All in all, I'd basically be happy either way. If you make your GetFoo function return an error that all the handlers check, I'd approve that PR. If you judiciously panic when something that can "never" happen happens, I'd approve that PR. The obvious preference is to update the codegen to pass those parameters in explicitly, so that if the interceptor structure changes, the program will simply not compile. But, the design of things like net/http and grpc kind of preclude easily doing that, and I'm not sure it's worth the effort to write something on top of those that fix the problem, when it's simple enough to do the unpacking manually and your integration tests test it for free anyway.

That’s a wonderful explanation, thank you.

Yeah, I think you just need to invest a small amount of time to set up your clients and servers, and you reap the benefits for a long time.

I use https://github.com/jrockway/opinionated-server as the foundation of my server-side apps. I thought about monitoring, tracing, and logging once... and then get it for free in every subsequent project. I explode the app into my cluster, and traces are immediately available in Jaeger, I can read/analyze my logs, and it's all a pleasure to debug. I think everyone should just have their own thing like this, because it's definitely a pain to do it more than once, but a joy once you have it working.
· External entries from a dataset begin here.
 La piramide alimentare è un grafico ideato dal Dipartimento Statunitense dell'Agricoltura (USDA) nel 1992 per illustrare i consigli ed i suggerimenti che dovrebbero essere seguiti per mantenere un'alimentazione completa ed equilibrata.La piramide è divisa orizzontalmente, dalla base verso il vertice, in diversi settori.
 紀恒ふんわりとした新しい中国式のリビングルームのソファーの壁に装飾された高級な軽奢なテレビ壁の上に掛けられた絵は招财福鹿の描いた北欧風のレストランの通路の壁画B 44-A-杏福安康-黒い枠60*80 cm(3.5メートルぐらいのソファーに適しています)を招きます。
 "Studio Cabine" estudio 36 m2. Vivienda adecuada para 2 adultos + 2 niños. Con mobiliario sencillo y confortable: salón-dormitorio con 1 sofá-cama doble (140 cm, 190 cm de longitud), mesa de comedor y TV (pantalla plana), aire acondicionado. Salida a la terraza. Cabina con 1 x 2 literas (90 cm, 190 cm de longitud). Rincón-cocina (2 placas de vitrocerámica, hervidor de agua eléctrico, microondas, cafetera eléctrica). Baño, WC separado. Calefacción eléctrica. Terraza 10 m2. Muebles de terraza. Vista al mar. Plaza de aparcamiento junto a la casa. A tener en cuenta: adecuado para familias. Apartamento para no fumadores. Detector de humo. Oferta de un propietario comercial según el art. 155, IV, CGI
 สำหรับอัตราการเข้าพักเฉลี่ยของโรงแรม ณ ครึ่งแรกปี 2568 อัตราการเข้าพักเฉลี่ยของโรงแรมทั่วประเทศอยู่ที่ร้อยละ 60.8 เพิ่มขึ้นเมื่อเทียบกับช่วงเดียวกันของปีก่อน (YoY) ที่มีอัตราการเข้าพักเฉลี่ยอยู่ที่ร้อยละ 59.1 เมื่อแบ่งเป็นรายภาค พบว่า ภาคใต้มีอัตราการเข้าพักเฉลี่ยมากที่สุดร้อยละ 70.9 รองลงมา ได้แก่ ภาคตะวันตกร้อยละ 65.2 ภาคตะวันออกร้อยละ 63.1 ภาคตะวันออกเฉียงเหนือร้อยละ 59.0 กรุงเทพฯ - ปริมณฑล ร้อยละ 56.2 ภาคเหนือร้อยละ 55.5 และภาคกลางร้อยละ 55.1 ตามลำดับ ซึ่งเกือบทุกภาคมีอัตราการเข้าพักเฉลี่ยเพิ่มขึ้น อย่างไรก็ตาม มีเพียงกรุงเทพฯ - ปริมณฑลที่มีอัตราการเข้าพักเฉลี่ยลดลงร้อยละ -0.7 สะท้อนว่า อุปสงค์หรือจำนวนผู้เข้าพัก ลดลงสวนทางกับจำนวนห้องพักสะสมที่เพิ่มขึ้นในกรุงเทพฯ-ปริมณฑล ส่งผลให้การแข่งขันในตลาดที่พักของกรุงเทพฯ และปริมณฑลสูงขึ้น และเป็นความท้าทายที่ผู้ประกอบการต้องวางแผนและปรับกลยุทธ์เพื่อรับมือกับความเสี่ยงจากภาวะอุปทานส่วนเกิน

(My thing specifically is missing some things I now need, though, like multiple loggers so you can turn on/off rpc tracing at runtime, support for auto-refreshing TLS certs from a volume mount now that everything is mTLS, etc. Will be added when I am less lazy ;)

While I'm here I'll also plug https://github.com/jrockway/json-logs for making the structured logs enjoyable to read. You can query them with jq, it understands all the popular JSON log formats, and I can't live without it. It's the only client-side app I've ever written that passes the "toothbrush test" -- I use it twice a day, everyday. Recommended ;) (Someday I will write docs and an automated release process.)

There's always two sides to extensibility. One the one hand, you have the opportunity to do it your way. On the other, you have to do it. The extreme of extensibility is always an empty file. You get to pick the language and the architecture and everything!

I've started implementing some of this at my job. We have an internal proto that describes the config of a gRPC service. We then have a library for all of our languages that turns that proto into a Channel that's instrumented with everything from middlewares to low level socket settings (keep alive, idle timeouts, retries, hedging, etc). Makes our deployments super easy as well since every service is configured to talk to every other service in almost a 100% identical way.

I've only used grpc for C# talking to C++ and wanted to plug this in, saw other users posting about injectors - so gonna look into it :) - I really want to avoid yet another proxy/"service-mesh" process for something that could be done on the client side (I wish I could inject the http2 library to propagate this always with headers somehow, but it's not a single thing, also too low level for me - Tools/app developer pretty much)

jeffbee, actually, you do and it works well, you don't have to do more than use a library. You get it out of the box in GCP. It works with Opentelemetry / OpenCensus Dapper was not embedded in Stubby either.